Re: Wasser für die Mühlen

Ach je, die alte Leier, wenn jemand anderer Meinung ist, gleich in die rechte Ecke zur Afd stellen. Geht es nicht vielleicht ein klein bisschen differenzierter, und vielleicht auch mal einem Argument als Entgegnung?

Ich bin im übrigen absolut nicht der von ihm vertretenen Meinung bezüglich der Auswirkungen von Corona. Dass die Übersterblichkeit durch Corona nicht so hoch war, halte ich der guten Wirkung der Impfkampagne zugute, und nicht der Umstand, dass Corana ungefährlich gewesen wäre. Vorsicht, anektdotische Evidenz, ich habe in meinem eher beschränktem Umfeld einen Kollegen, den es ganz am Anfang vor der Möglichkeit zur Impfung erwischt hat, der ist mit 41 arbeitsunfähig geworden und hat nur noch 20% Lungenfunktion, der ist bis heute ein Pflegefall und wird es bis an sein Lebensende bleiben. Und einen toten Impfgegner in der Verwandschaft. Ich persönlich würde mich in einer vergleichbaren Situation wieder in die Schlange mit 2stündiger Wartezeit in eisiger Kälte einreihen.

Wo ich das wirkliche Problem sehe, ist die Art der Aufarbeitung der Vorgänge und der politischen Entscheidungen. Ich bin der Überzeugung, dass vielleicht nicht alles optimal gelaufen ist, die grundsätzliche Richtung aber vollkommen in Ordnung war. Warum kann man dann nicht einfach die Protokolle offenlegen, die Vorgänge nochmal bewerten und einordnen und einen Maßnahmenkatalog ableiten, der bei einer Wiederholung eine verbesserte Aktion zur Folge hat.
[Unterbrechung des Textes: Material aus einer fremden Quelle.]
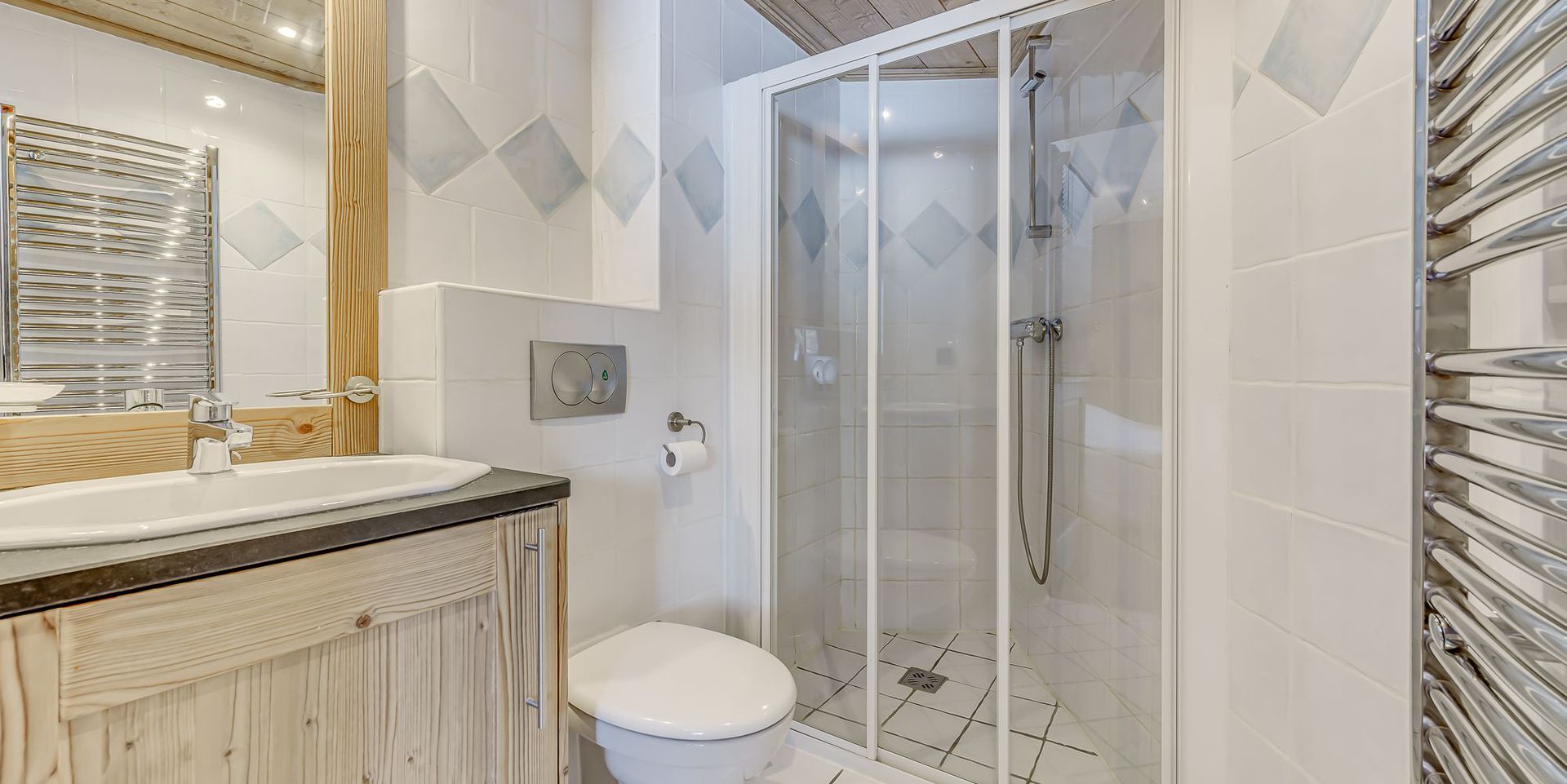 - 1 Suite parentale SUD avec lit double, avec sa salle de douche attenante avec meuble vasque, WC et radiateur seche serviettes
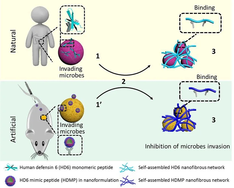 近年來,抗生素的使用導(dǎo)致菌群失調(diào)和耐藥菌的出現(xiàn)。抗生素不具備選擇性,在殺死病原菌的同時(shí),也將腸道內(nèi)的有益菌一同殺死了,導(dǎo)致所謂的菌群失調(diào)現(xiàn)象:從過去的有益菌占優(yōu)勢的狀態(tài),變?yōu)橛泻純?yōu)勢的狀態(tài),從而引發(fā)各種疾病。另一方面,重復(fù)使用一種抗生素會(huì)使致病菌產(chǎn)生抗藥性,即我們在使用抗生素治療疾病的同時(shí),也使細(xì)菌的耐藥能力增強(qiáng),最終對這種抗生素不再敏感。如今的“超級細(xì)菌”就是濫用抗生素的結(jié)果。我國細(xì)菌對抗菌藥物的耐藥形勢仍較嚴(yán)重,尤其是碳青霉烯類耐藥革蘭陰性桿菌、革蘭氏陽性耐甲氧西林金黃色葡萄球菌(MRSA)。現(xiàn)在亟需新型精準(zhǔn)抗菌策略來解決這一尷尬局面。科學(xué)家試圖從人類免疫系統(tǒng)中尋找到新的抗菌機(jī)制并從中找到靈感。防御素是在生物免疫系統(tǒng)中起到重要調(diào)節(jié)作用的多肽分子,并且大多數(shù)防御素具有直接殺菌功能,是重要的抗菌肽。人防御素-6(HD-6)在小腸分泌性潘氏細(xì)胞高表達(dá)并且通過自組裝形成纖維網(wǎng)絡(luò),鉚釘細(xì)菌阻止其入侵宿主細(xì)胞來進(jìn)行抗菌。HD-6這種捕獲抗菌機(jī)制的發(fā)現(xiàn)提供了一種仿生模型,可以作為一種新的抗菌策略。本研究利用多肽納米技術(shù)在體內(nèi)實(shí)現(xiàn)了HD-6抗菌過程的仿生。設(shè)計(jì)并合成了一條HD-6模擬肽(HD6 mimic peptide, HDMP),納米顆粒形態(tài)的HDMP可以靶向體內(nèi)金黃色葡萄球菌表面,形變組裝成納米纖維捕獲細(xì)菌,阻止細(xì)菌入侵宿主細(xì)胞,防治感染,取得較好的抗菌效果。
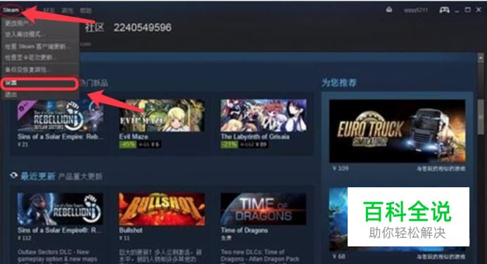 然后打开steam平台,登录自己的账号,点开steam的菜单,选择设置.

Das ist im technischen Umfeld vollkommen üblich so, nur so wird man besser. Aber aus irgendeinem Grund kann in der Politik niemand zugeben, vielleicht nur mittelmässig und nicht gut reagiert zu haben, da wird die Ehre angekratzt. Lieber veröffentlicht man nach langer Juristerei einen umfangreich geschwärzten Text und wundert sich dann, dass man den Verschwörungstheroretikern wieder jede Menge Munition geliefert hat. Und diese dann auch gegen einen selbst verwendet wird.

Wie auch immer, ich finde er hat einen guten Punkt. Diese Moralisierung von politischen Themen könnte ich mir gut als einen Teil der Gründe für die derzeitig zu beobachtende Polarisierung in der Gesellschaft vorstellen. Es gibt in einigen Themenbereichen nur noch schwarz und weiß, und am Ende wundert man sich dann, dass manche sagen, ok, damit gehe ich jetzt nicht mehr mit und in der Folge in einer extremen Ecke landen, wo sie eigentlich gar nicht hinwollten. Wenn der Diskurs des besseren Arguments aus moralischen Gründen abgelehnt wird, verliert man einen Teil der Gesellschaft an die Populisten. Denn dann finden die Entscheidungen aufgrund von Emotionen statt, nicht mehr aufgrund rationaler Abwägungen, die Vernunft verliert. Und ich fürchte das werden wir bei den anstehenden Wahlen als schmerzhafte Konsequenz zu spüren bekommen.